══ Supplied material
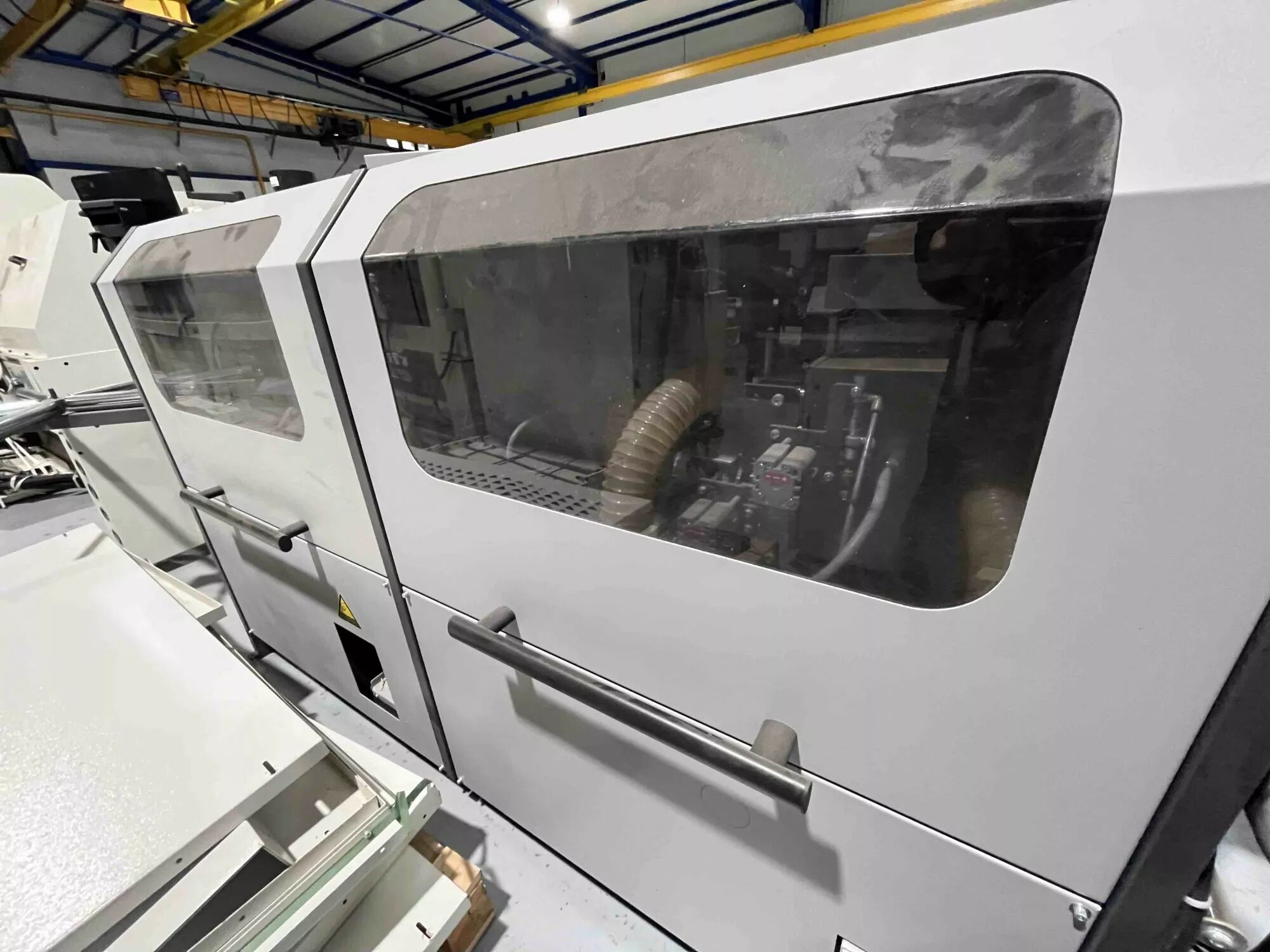 Préfraisage jusqu'à 2 mm d'épaisseur maxi bac de colle à chauffe rapide avec revêtement et sans entretien, station de fraisage HF avec ajustement pneumatique
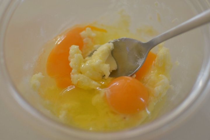 続いて卵を加えたら、バターを加えてよく混ぜます。バターの塊を潰すように馴染ませますが、塊が残っていてもOK。
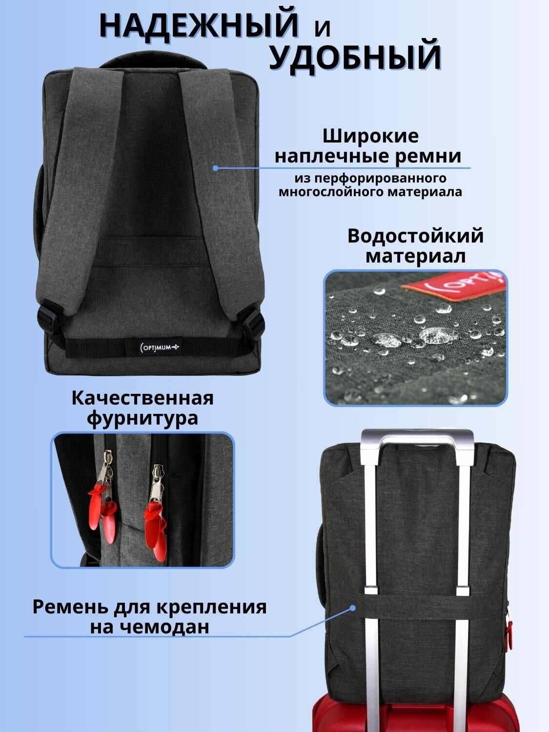 | Особенности | внешний карман, возможность крепления на тележку, защита от воды, карман для телефона, отделение-органайзер |
════
What you should do
Give the listing again exactly, excluding pictures.

Expected answer
 Préfraisage jusqu'à 2 mm d'épaisseur maxi bac de colle à chauffe rapide avec revêtement et sans entretien, station de fraisage HF avec ajustement pneumatique
 続いて卵を加えたら、バターを加えてよく混ぜます。バターの塊を潰すように馴染ませますが、塊が残っていてもOK。
 | Особенности | внешний карман, возможность крепления на тележку, защита от воды, карман для телефона, отделение-органайзер |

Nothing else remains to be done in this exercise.